Imagine that you spend the better part of a decade and tens of thousands of dollars to prepare yourself for a career as a healer, only to find, 10 years later, that you are spending half your time on administrative tasks and reporting. Day after day, your focus is drawn away from the caregiving that gives you joy and improves the lives of your patients.
Likely you would begin to feel emotionally exhausted, dispirited, and detached. In other words, you would be burned out.
This has serious implications not just for physicians but to the organization as a whole – it represents a real threat to the business.
Physician burnout is becoming all but epidemic in healthcare, with study after study indicating that an alarmingly high number of doctors experience the emotional exhaustion, depersonalization and sense of low personal accomplishment that define burnout.
Now, new data from more than 1,000 practicing physicians surveyed by athenahealth provides insight into the various dimensions and manifestations of burnout — and offers doctors, their managers and staffs a way forward to address burnout and protect their organizations.
A threat to the organization
Burnout is a complex condition. But one insight that emerges very clearly from our research, and that of others, is that physicians are not experiencing burnout because of their patient interactions. Rather, it is the rising tide of administrative demands from within and outside the organization that are making so many physicians feel disconnected.
In a 2016 survey of more than 17,000 physicians, conducted by the Physicians Foundation, 54 percent of doctors surveyed rated their morale as somewhat or very negative, and 49 percent of them said they either often or always felt burned out. Nearly half of all surveyed physicians would no longer recommend medicine to their own children as a career, and a third would not choose medicine again for themselves.
This ongoing situation represents a problem not just for physicians, but for their organizations. Our research shows that physicians who reported experiencing signs of burnout are more than 3 times as likely to say they are going to leave their organizations within 3 years — 20 percent as opposed to 9 percent of physicians who aren't experiencing burnout.
Given that a healthcare system spends an average of over $250,000 to recruit and onboard each new physician, this represents a substantial risk to the organization, in both financial and cultural terms.
Complicating the issue for healthcare managers: Burned out physicians may be hard to spot. Our research shows no difference in productivity, measured in RVUs per day, between those with symptoms of burnout and those without.
But there is evidence that physician burnout can negatively impact patient care. A 2008 study of 8,000 surgeons, conducted by the American College of Surgeons, found a strong correlation between the surgeon's level of burnout and self-reported major medical errors. So burned out physicians may be ticking time bombs within an organization, likely to leave or to negatively impact patient care.
Addressing physician burnout is a “must do" for healthcare organizations. It is critical for workforce stability, provider satisfaction, and patient care — and it's simply the right thing to do.
But for the long-term, a healthy workforce requires more than just the absence of burnout. We need a system that supports both physician well-being and organizational health, and we need a way to measure the effectiveness of that system.
Measuring workforce health and stability
athenahealth's research into the characteristics of high-performing service companies has surfaced a new metric for workforce health: self-perceived capability.
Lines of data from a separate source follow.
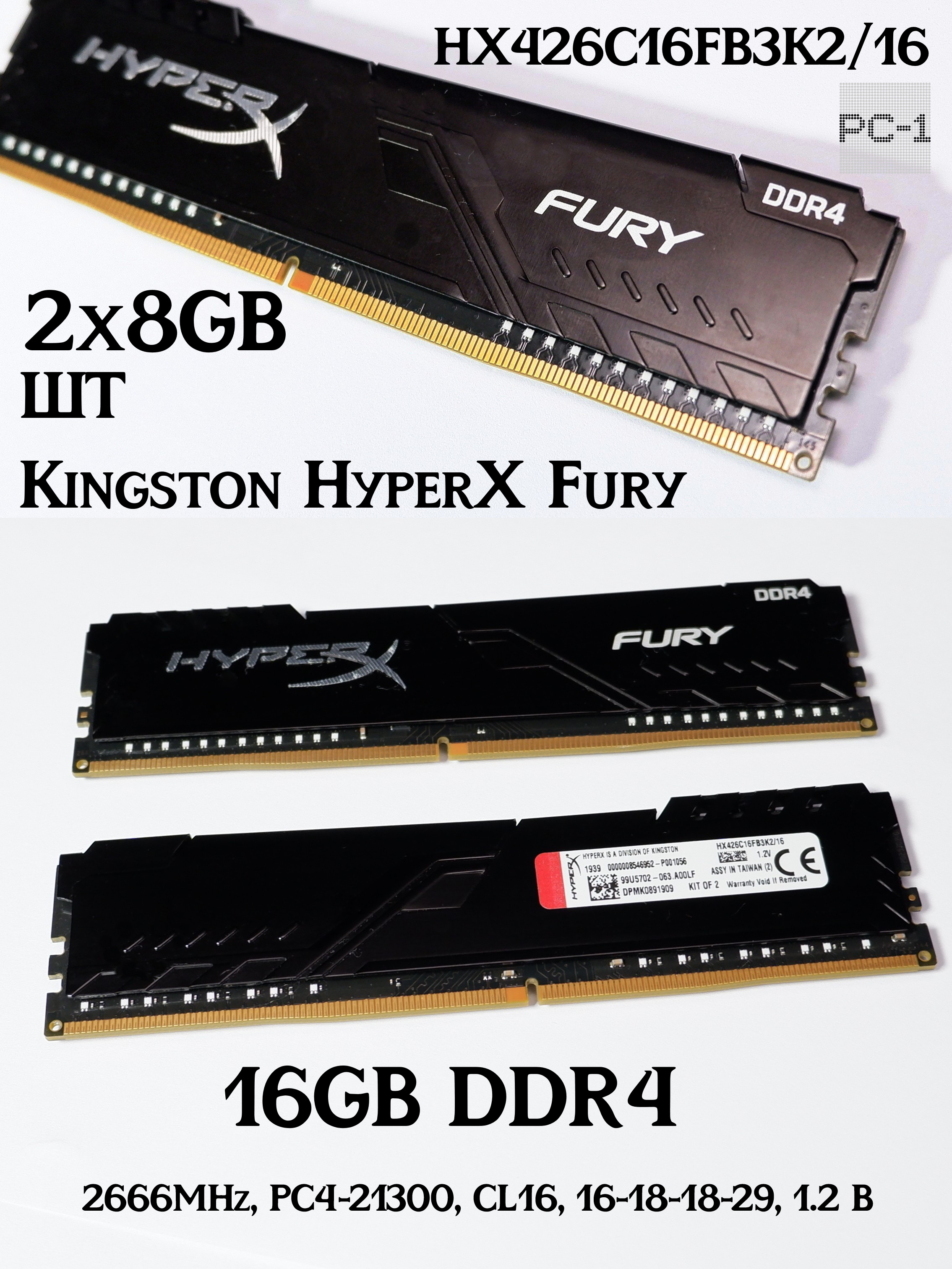Игровая Оперативная память DDR4 16GB KIT 2x8GB Kingston HyperX Fury HX426C16FB3K2/16
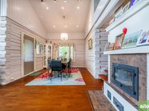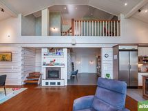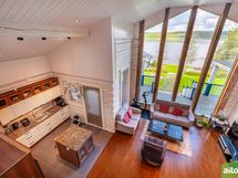 The home is equipped with underfloor heating powered by a ground source heat pump. A heat-storing fireplace and electric backup provide additional warmth during colder months, and a heat pump ensures efficient summer cooling. The layout is split-level with two bedrooms on the main floor and two upstairs.
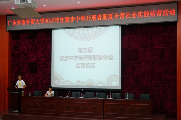 本网讯  20150801日,广东外语外贸大学vwin德赢AC米兰官网三下乡GTL3.0英语夏令营活动在结营仪式中落下帷幕,至此,在寮步中学为期七天的教学实践活动正式结束。

“Capability," a term derived from research into service organizations, is not about a physician's clinical skills. Rather, it's a measure of how effectively the organization supports the physician. Capable physicians, as we've defined them, agree that they have the tools, resources, information, and latitude to provide high-quality patient care.
And capability can be measured for both clinical and non-clinical staff. It represents how well the organization has designed jobs and systems to ensure that all team members have the tools to work at the top of their licenses.
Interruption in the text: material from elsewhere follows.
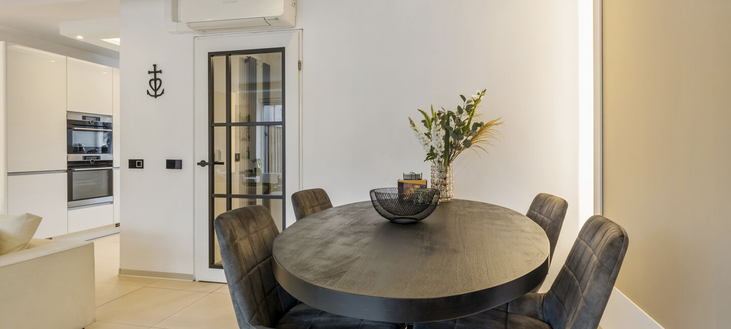 Aan de voorzijde van de woning bevindt zich de moderne keuken, die in 2020 volledig is vernieuwd. De keuken is uitgerust met hoogwaardige inbouwapparatuur, waaronder een inductiekookplaat met afzuiging, combi-oven, combimagnetron, vaatwasser en een ingebouwde koel-/vriescombinatie. Vanuit de keuken heb je prettig uitzicht op de straat.
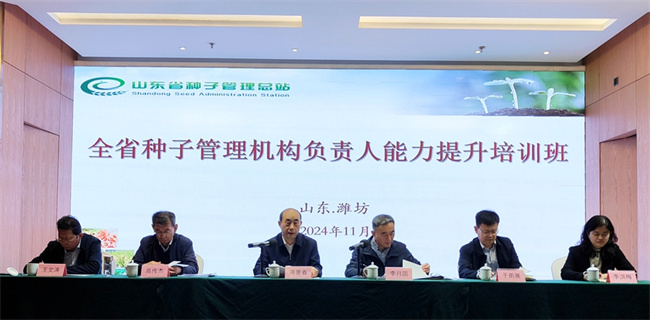 11月11日至15日,2024年全省種子管理機構負責人能力提升培訓班在濰坊舉辦。省農業農村廳二級巡視員蔣景春出席開班式并講話。

We believe that building capability among physicians and staffs will address many of the controllable factors that contribute to burnout. And we think a focus on capability will promote a healthier, more sustainable workforce over the long term.
Our survey data bears this out. We found that those physicians who rated themselves as capable were about half as likely to exhibit symptoms of burnout as doctors who did not demonstrate the criteria for capability.
Capability also correlates strongly with other important performance metrics. Capable physicians are half as likely to want to leave their organizations within 3 years, and they are almost 15 percent more productive than physicians who do not meet the criteria for capability.
Building capability to promote workforce health
Beyond aiming to fix the burnout problem, capability represents an aspirational goal for healthcare organizations. It's an exciting concept. Building capability allows us to imagine a world where physicians and staff wake up energized to come to work in the morning, because they are surrounded by systems and people who enable them to focus on what they do best.
In an organization that emphasizes capability, team members have clearly defined roles and responsibilities. Leaders listen to the frontline and prioritize training, communication, and alignment. Innovation is prized and rewarded — especially innovation that results in fewer administrative tasks performed by physicians and other providers.
It's not an impossible dream; it's a reality that most of us would agree is one worth working towards.
Jessica Sweeney-Platt is executive director of research at athenahealth.